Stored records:
Start of Block
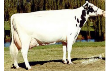
D-R-A August EX-96

Rammstein Red x VG-86 Solitair P Red x Alaska Red x VG-85 Salsa RC x VG-87 Supersire x VG-85 Alexander x EX-91 Goldwyn x EX-95 Durham x EX-93 Prelude x EX-94 Jubilant RF
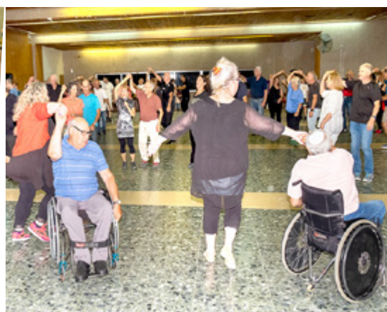
Those in wheelchairs also danced with us
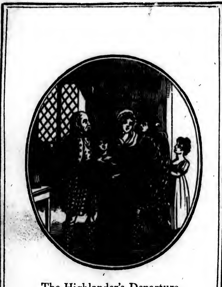
The Highlander's Departure.

lute me sol bed thi en CO he his an da the m m
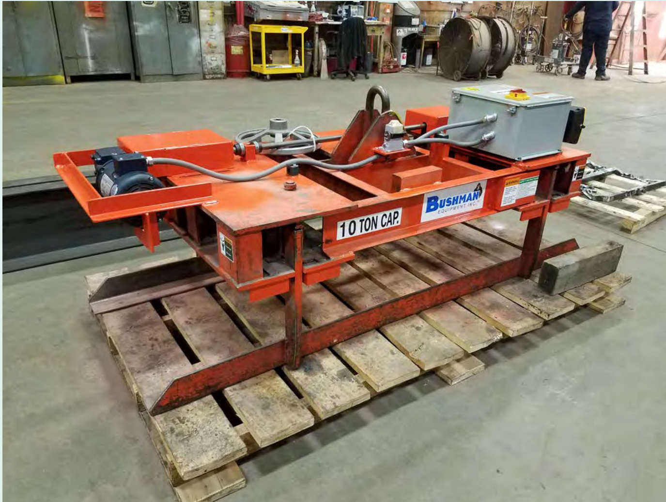
Bushman Model M5600 Sheet Lifter
End of Block
What is expected: In the records above, the lines from the one containing "lute me sol" through the last line are to be written out exactly, both ends included and pictures omitted.

Completed exercise:
lute me sol bed thi en CO he his an da the m m
Bushman Model M5600 Sheet Lifter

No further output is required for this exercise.